• **Dataset entries**:
* * * * *

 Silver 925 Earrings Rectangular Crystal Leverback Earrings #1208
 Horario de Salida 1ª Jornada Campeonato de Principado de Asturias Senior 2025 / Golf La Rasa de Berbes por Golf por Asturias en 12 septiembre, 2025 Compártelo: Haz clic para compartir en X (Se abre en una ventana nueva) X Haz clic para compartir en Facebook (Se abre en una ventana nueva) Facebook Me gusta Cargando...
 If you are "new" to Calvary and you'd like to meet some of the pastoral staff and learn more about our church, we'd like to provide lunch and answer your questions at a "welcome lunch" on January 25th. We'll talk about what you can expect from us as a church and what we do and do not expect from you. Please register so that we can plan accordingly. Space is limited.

* * * * *

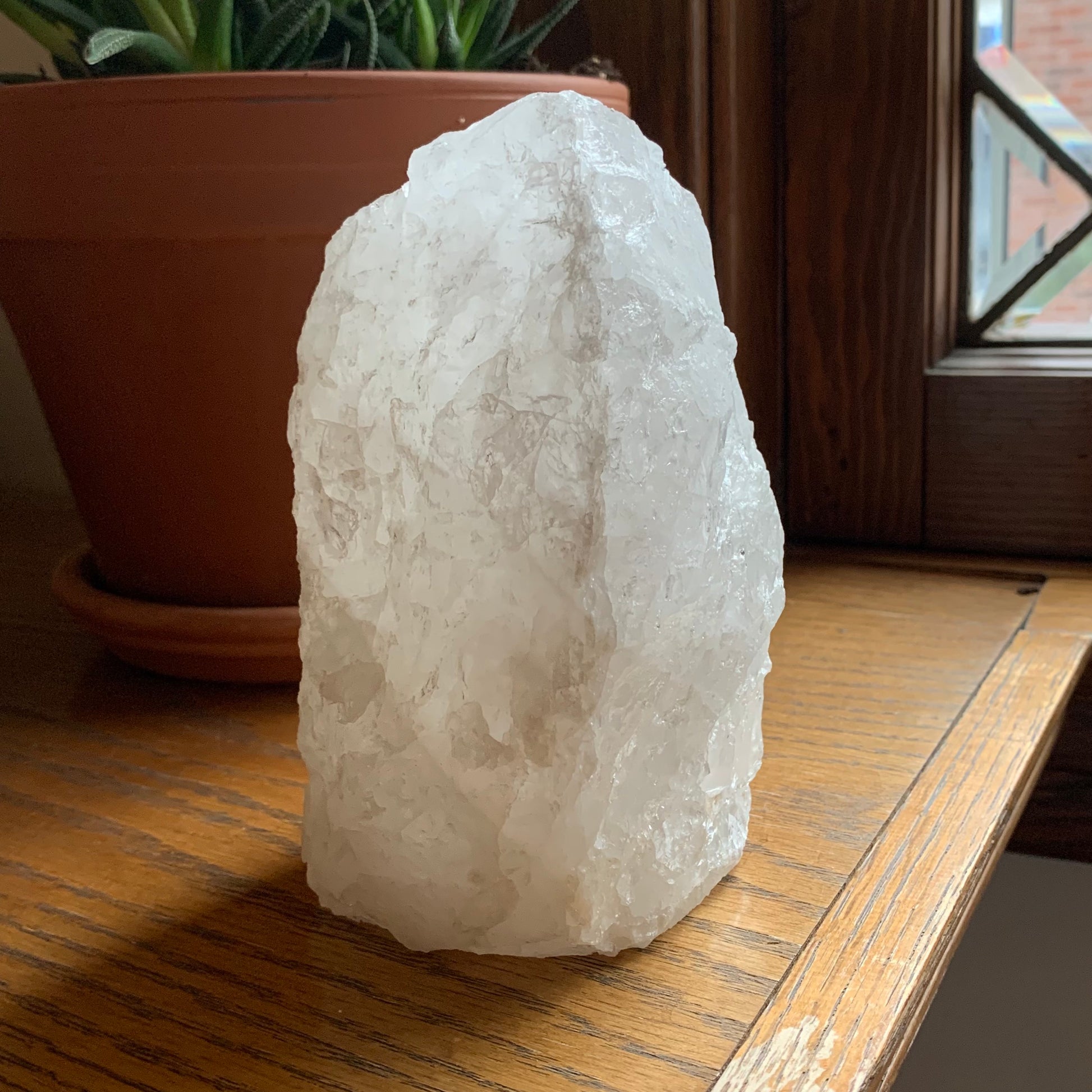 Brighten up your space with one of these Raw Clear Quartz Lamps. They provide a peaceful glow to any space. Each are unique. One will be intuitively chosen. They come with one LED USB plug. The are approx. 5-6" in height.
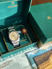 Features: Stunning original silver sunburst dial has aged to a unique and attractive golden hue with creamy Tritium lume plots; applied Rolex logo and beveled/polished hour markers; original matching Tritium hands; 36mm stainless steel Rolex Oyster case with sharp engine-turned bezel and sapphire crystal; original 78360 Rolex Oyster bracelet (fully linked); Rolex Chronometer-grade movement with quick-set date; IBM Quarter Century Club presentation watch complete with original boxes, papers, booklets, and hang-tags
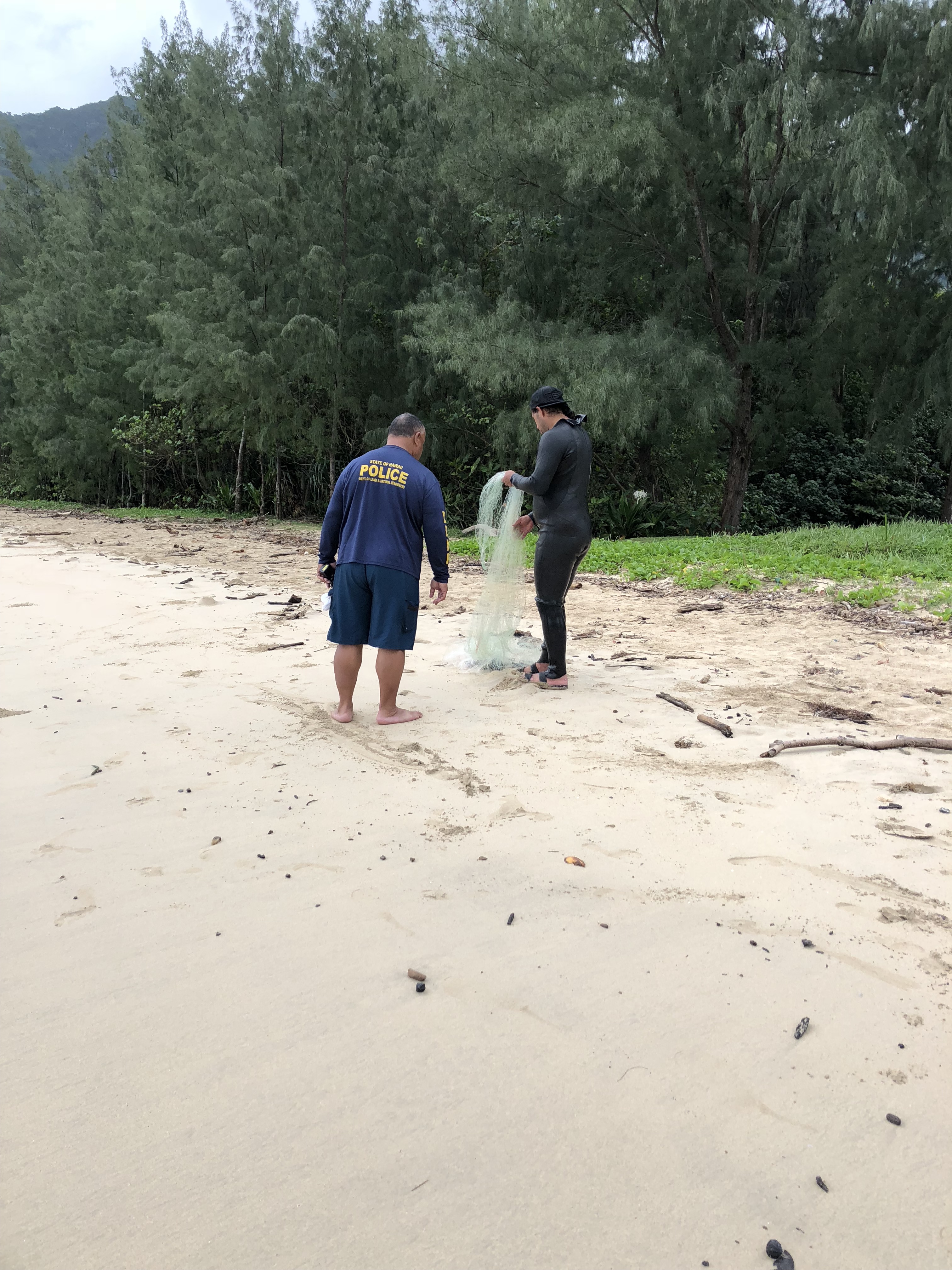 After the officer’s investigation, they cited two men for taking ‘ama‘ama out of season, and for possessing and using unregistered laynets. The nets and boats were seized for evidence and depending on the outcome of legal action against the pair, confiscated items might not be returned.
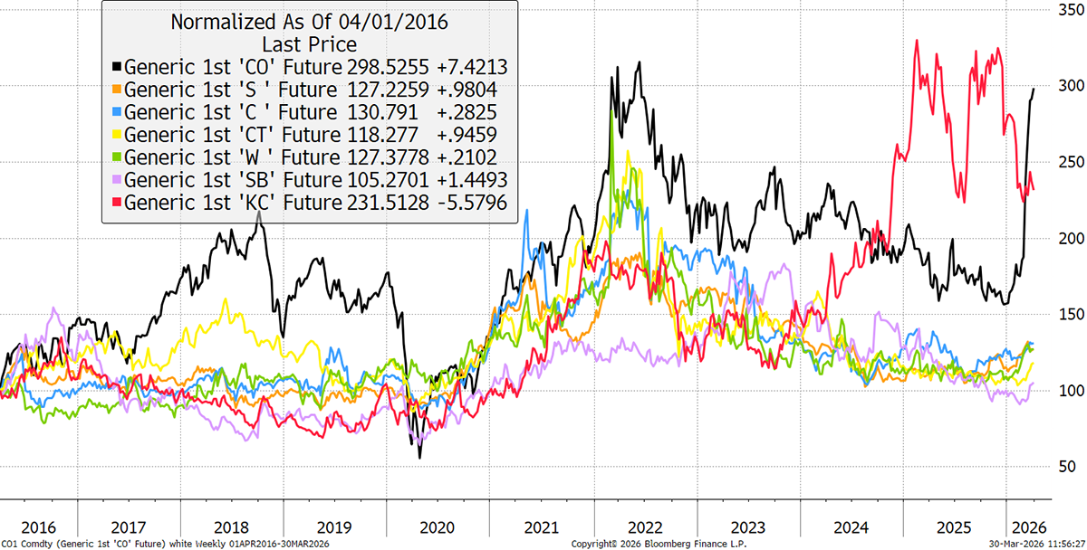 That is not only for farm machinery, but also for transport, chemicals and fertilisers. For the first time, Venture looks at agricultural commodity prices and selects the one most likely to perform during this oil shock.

* * * * *

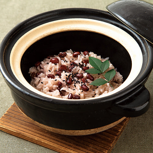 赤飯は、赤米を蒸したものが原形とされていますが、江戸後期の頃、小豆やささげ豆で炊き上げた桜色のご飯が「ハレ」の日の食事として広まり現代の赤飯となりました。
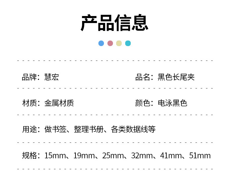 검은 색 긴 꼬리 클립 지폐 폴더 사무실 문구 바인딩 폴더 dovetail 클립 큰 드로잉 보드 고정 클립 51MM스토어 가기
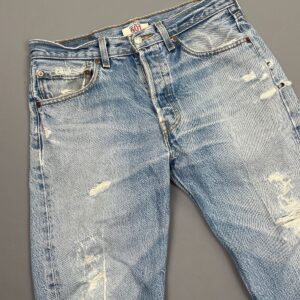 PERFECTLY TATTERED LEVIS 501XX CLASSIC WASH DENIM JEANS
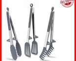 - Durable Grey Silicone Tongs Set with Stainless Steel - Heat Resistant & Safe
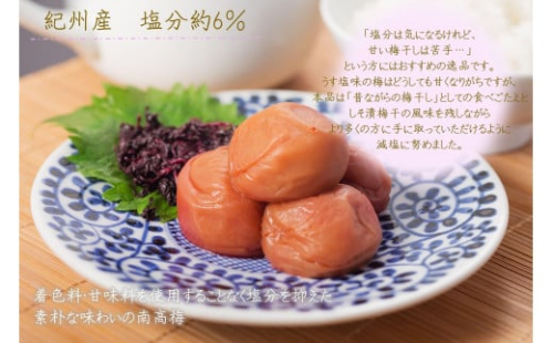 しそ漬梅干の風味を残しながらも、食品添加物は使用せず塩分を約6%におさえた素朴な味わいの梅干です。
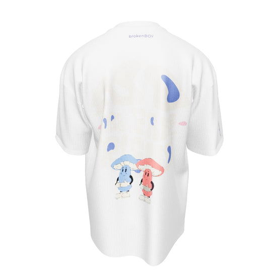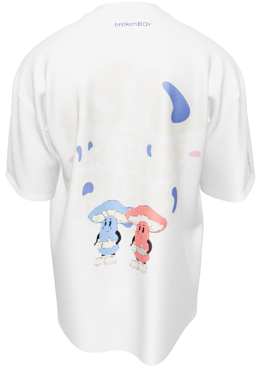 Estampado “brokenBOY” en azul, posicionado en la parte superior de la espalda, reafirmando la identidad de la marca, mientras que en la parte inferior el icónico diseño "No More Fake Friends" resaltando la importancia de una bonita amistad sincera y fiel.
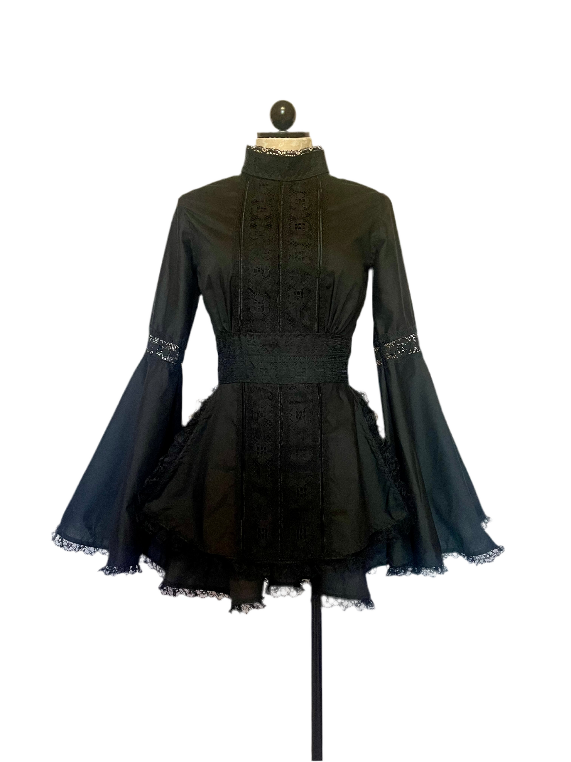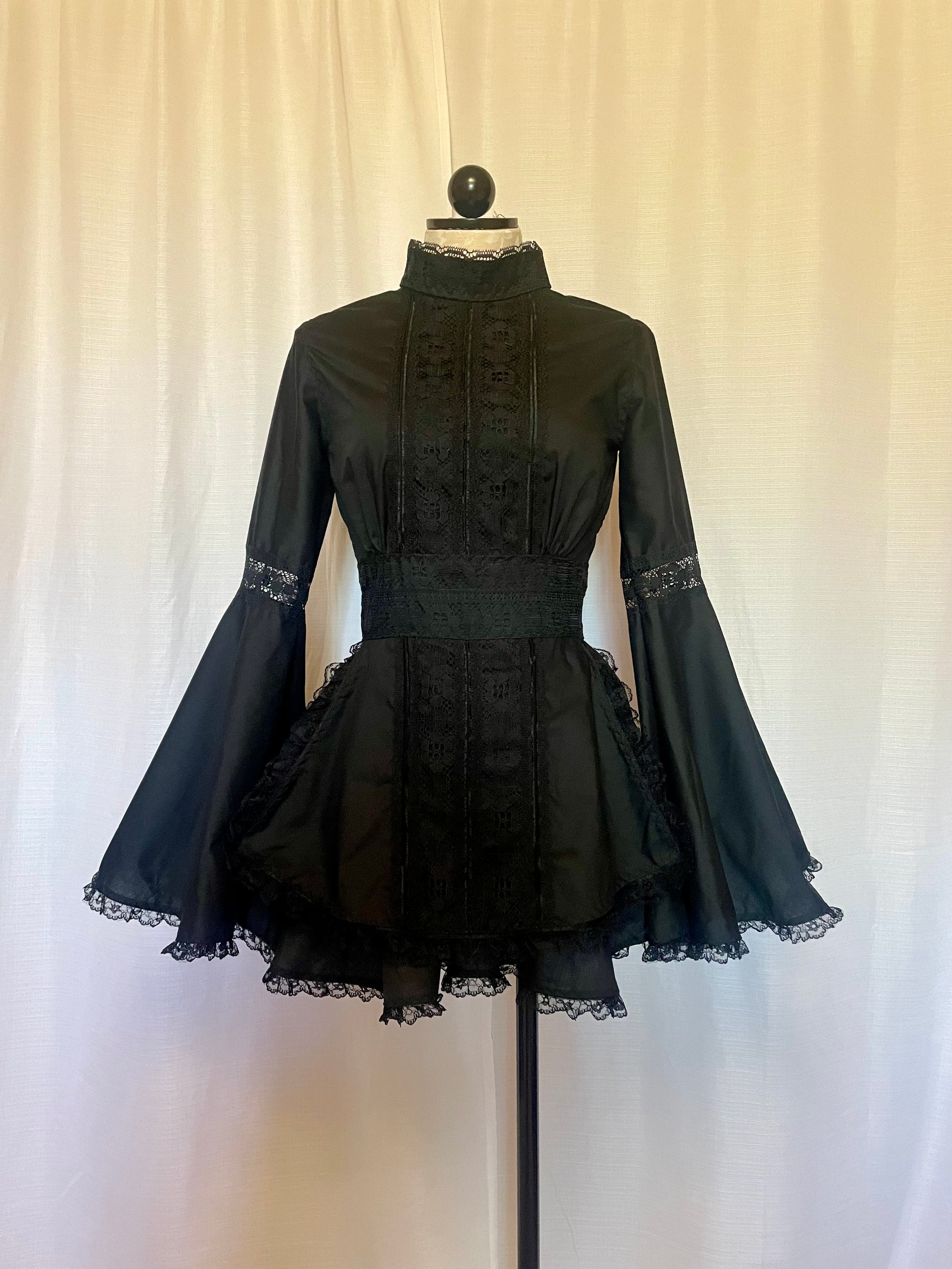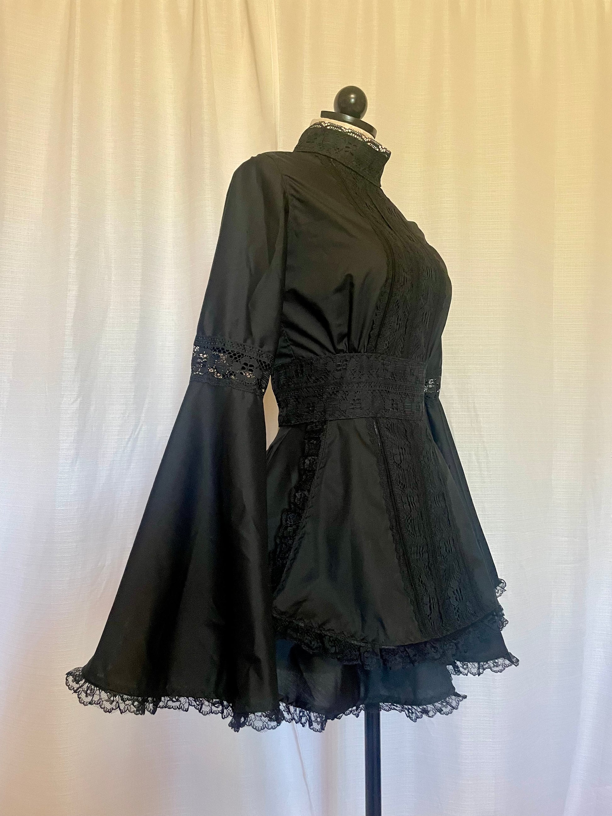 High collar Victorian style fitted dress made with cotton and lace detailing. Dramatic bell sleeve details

* * * * *

• **What needs to be done**: Would you retype the lines above from the one with "Silver 925 Earrings" down to the one with "Space is limited.", word for word, both ends included and no other lines?

• **Written reply**:
 Silver 925 Earrings Rectangular Crystal Leverback Earrings #1208
 Horario de Salida 1ª Jornada Campeonato de Principado de Asturias Senior 2025 / Golf La Rasa de Berbes por Golf por Asturias en 12 septiembre, 2025 Compártelo: Haz clic para compartir en X (Se abre en una ventana nueva) X Haz clic para compartir en Facebook (Se abre en una ventana nueva) Facebook Me gusta Cargando...
 If you are "new" to Calvary and you'd like to meet some of the pastoral staff and learn more about our church, we'd like to provide lunch and answer your questions at a "welcome lunch" on January 25th. We'll talk about what you can expect from us as a church and what we do and do not expect from you. Please register so that we can plan accordingly. Space is limited.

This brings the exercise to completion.